I see people using the first one because they want to change multiple objects in a method and can't return multiple objects. But in reality it is not really "void" in the sense that inputs can change in value so it might be misleading. Maybe this is a non-issue and everyone knows how reference works in Java... I was just really confused the first time I saw someone do that.

Incoherence
May 22, 2004

POYO AND TEAR

CrusaderSean posted:

So in terms of programming practice, which of the following is better?

void someMethod(Object obj...) { ... passed in object value may change ... }
or
Object someMethod(Object obj...) { ... explicitly return changed object ... }

I see people using the first one because they want to change multiple objects in a method and can't return multiple objects.
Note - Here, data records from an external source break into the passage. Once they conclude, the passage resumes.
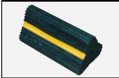
6"W x 6"H x 12"D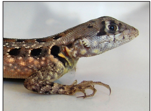
Figure 1. Tropidurus cocorobensis (LPE 1949), municipality of Floresta, state of Pernambuco, Brazil.

Comments. — Tropiduridae is a reptilian family with a large number of known species among the neotropical lizards (Torres-Carvajal, 2004). The genus Tropidurus occurs from southern Venezuela east through the Guianas to northeastern Brazil, from there west south of the Amazon region to eastern Bolivia, extreme northern Uruguay, and central Argentina (Frost et al. , 2001). In Brazil, there are 36 species of tropidurids, 18 of which belong to the genus Tropidurus (Bérnils and Costa, 2011). Currently, this genus is subdivided into four species groups: T. spinulosus , T. torquatus , T. bogerti , and T. semitaeniatus (Frost et al. , 2001). The Tropidurus torquatus group was revised by Rodrigues (1987), whose complex of species was well-defined through the geographical distribution and morphology based on the mite pockets and skin folds in the three major areas of the body (neck, axillary, and inguinal regions). Among the Tropidurus of the torquatus group, T. cocorobensis Rodrigues, 1987 (Fig. 1) is a psammophilous lizard, endemic from the Brazilian Caatinga. It was described from the municipality of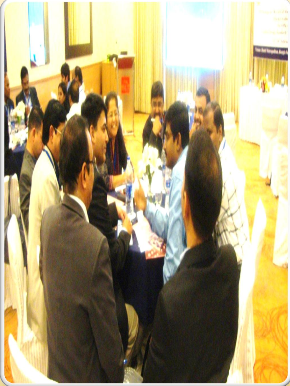
GROUP DISCUSSION ON CASE STUDY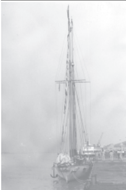
69' LWL Fife Schooner "Sunshine" luxury yacht built by the Myanmar Shipyards. (News on page 1) — MNA

Eleven contestants took part in the amateur level (women's) dance contest and 13 contestants (See page 9)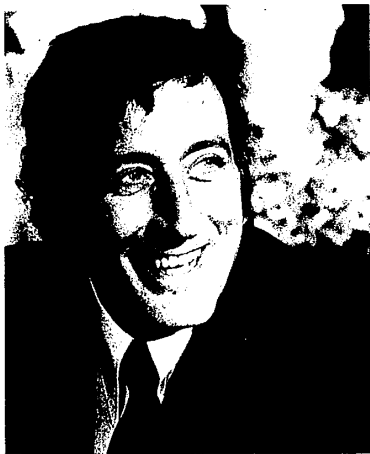
Tony Bennett will sing on Meadow Brook's Friday variety series this weekend.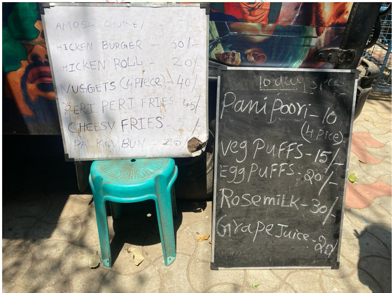
Price List of the Food and Beverages available in the Food Truck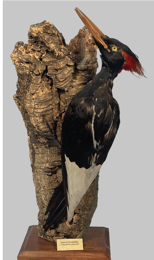
Figure 3. Male Imperial Woodpecker Campephilus imperialis in the North Museum of Nature and Science in Lancaster, Pennsylvania (NMNSL-689)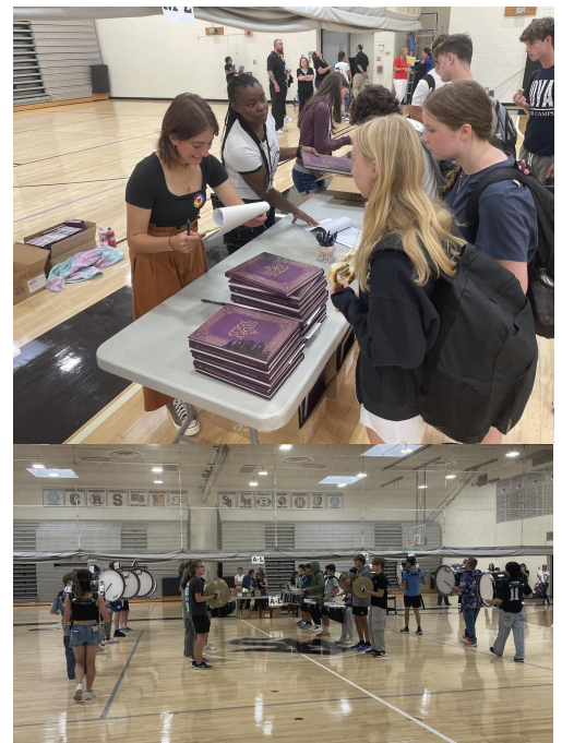
Strath Haven High School celebrated its inaugural “Panther Pride” Kickoff Event this fall, culminating in the 2022-23 yearbook distribution.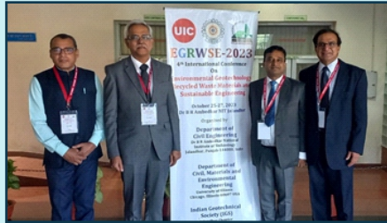
CONFERENCE PARTICIPATION BY FACULTY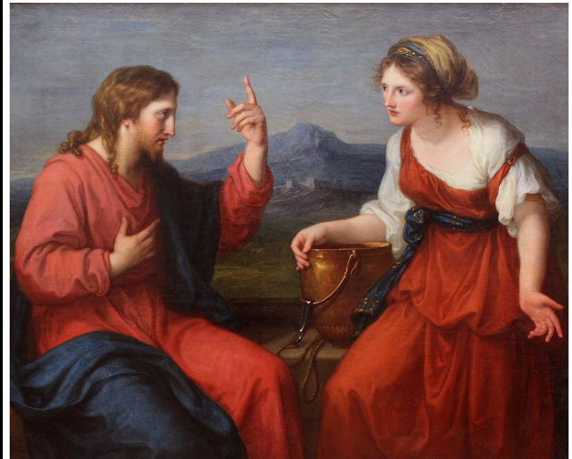
Christ & The Samaritan Woman - Angelika Kauffman - 1796 - Neue Pinakothek Museum, Munich Jesus said to her, "Everyone who drinks of this water will be thirsty again, but those who drink of the water that I will give them will never be thirsty. John 4:13-14

But in reality it is not really "void" in the sense that inputs can change in value so it might be misleading. Maybe this is a non-issue and everyone knows how reference works in Java... I was just really confused the first time I saw someone do that.
void simply means there's no return type; it doesn't mean that nothing will be modified. In general, Java's "we're hiding pointers from you but they're still there!" semantic is something you trip over once then learn.

Drumstick
Jun 20, 2006
Lord of cacti
ahhhh! quick question

How can I add 2 things into the same JFrame!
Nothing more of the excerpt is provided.